Here’s Where We Cry ‘Uncle’ On The Meaning of ‘Affordable’

night time scene of narrow canal in Bruges
An alley canal in Bruges, Belgium. Alley or canal? Undecided, the photographer cries 'uncle'.

Just 10 months ago — a time when we were so young and naive, foolishly believing we could keep abreast of the term ‘affordable.’ See: Affordable Housing: What’s In A Definition?

Back then, we believed that ‘affordable’ definitions multiplied by coupling, in which a bright young personal salary range hooked up with winsome housing construction type and cost, spawning a new ‘affordability’ definition that lived on in rigid, unchanging conformity for eons. Or a year or two at least. Now we realize that ‘affordable’ definitions multiply like mutating bacteria.
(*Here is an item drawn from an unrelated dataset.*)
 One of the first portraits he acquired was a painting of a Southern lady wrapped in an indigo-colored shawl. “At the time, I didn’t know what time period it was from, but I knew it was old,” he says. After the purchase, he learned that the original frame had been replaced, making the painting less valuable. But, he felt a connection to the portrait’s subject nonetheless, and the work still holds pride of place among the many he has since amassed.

Only faster.

Our new understanding of everybody else’s ‘affordable’ is as follows:

It is at any given moment . . .

  1. Whatever you think it is
  2. Whatever you say it is
  3. Whatever the other person says it is

. . . in descending order of reliability.

For more on the subject, see if you can work your way through this article in MyLondon: A Guide For Londoners Confused By The Many Different Types Of Affordable Housing

In defence against this insanity, we recommend going back to the single standard definition of affordability still in use by some quaint folk: shelter which costs no more than 30% of gross income.
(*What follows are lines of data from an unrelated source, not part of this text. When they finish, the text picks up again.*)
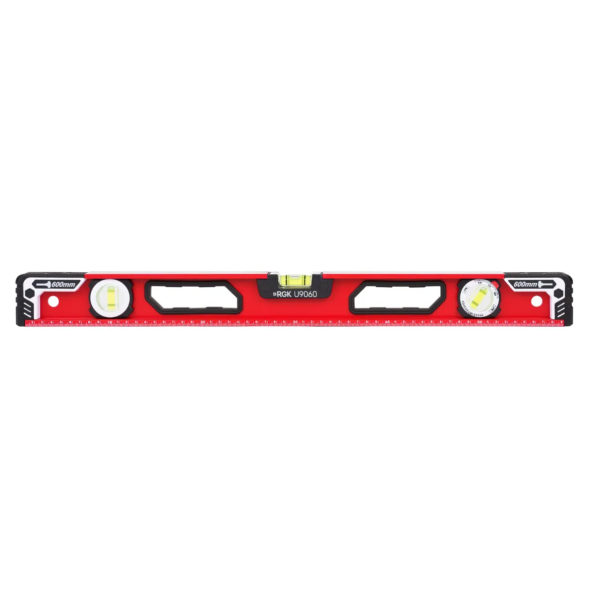 Пузырьковый строительный уровень RGK U9060 обеспечивает точность 1 мм/м. Длина 60 см позволяет использовать инструмент для проведения масштабных строительных работ по выравниванию полов, штукатурке стен и др.
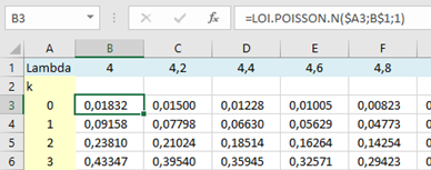 Après avoir rempli la ligne des valeurs de \(λ\) et la colonne des valeurs de \(k,\) positionnez-vous sur la première cellule de la table (ici B3) et renseignez la fenêtre qui s'affiche lorsque vous sélectionnez la loi de Poisson dans les fonctions statistiques. Soit la valeur \(k\) de la variable aléatoire \(X,\) puis l’espérance \(λ,\) puis 0 puisque pour l'instant nous construisons une table de probabilités non cumulées.
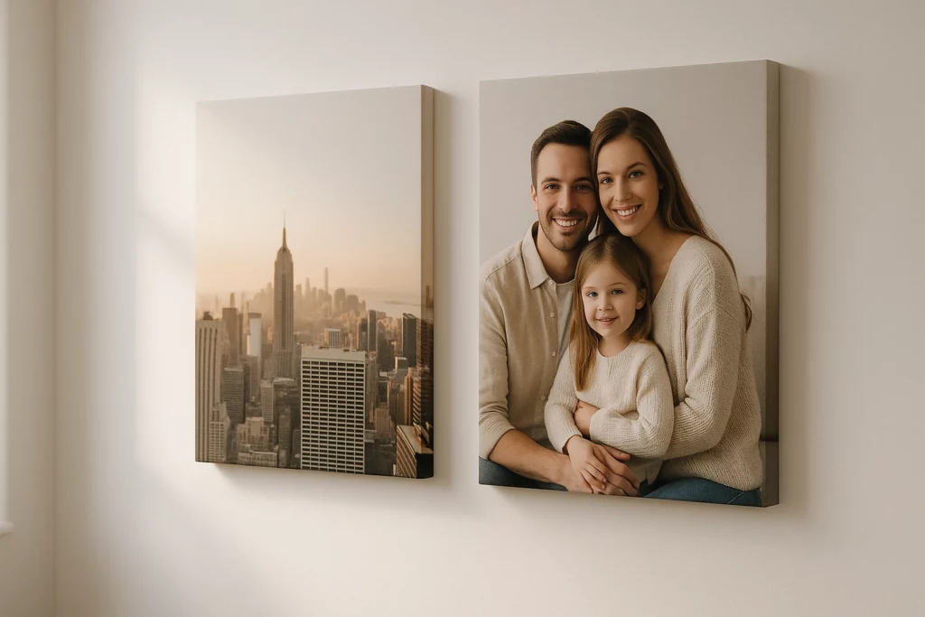 Vous pouvez également choisir entre un châssis de 2 ou 4 cm d’épaisseur, et le bord de la toile peut aussi être imprimé. Les toiles sont disponibles en finition mat.

Unfortunately, under this definition probably 75% to 90% of so called affordable housing is in fact not affordable. So let them (whoever they are) come up with another name for the housing, such as attainable, achievable, amenable, amenable, whatever.1

As far as we’re concerned, the definition of ‘affordable’ is single, specific . . . and taken.

Ha! So there.


  1. For some of our thoughts on these names, see: Why Settle For Affordable Housing When Achievable Or Attainable Housing Is Available?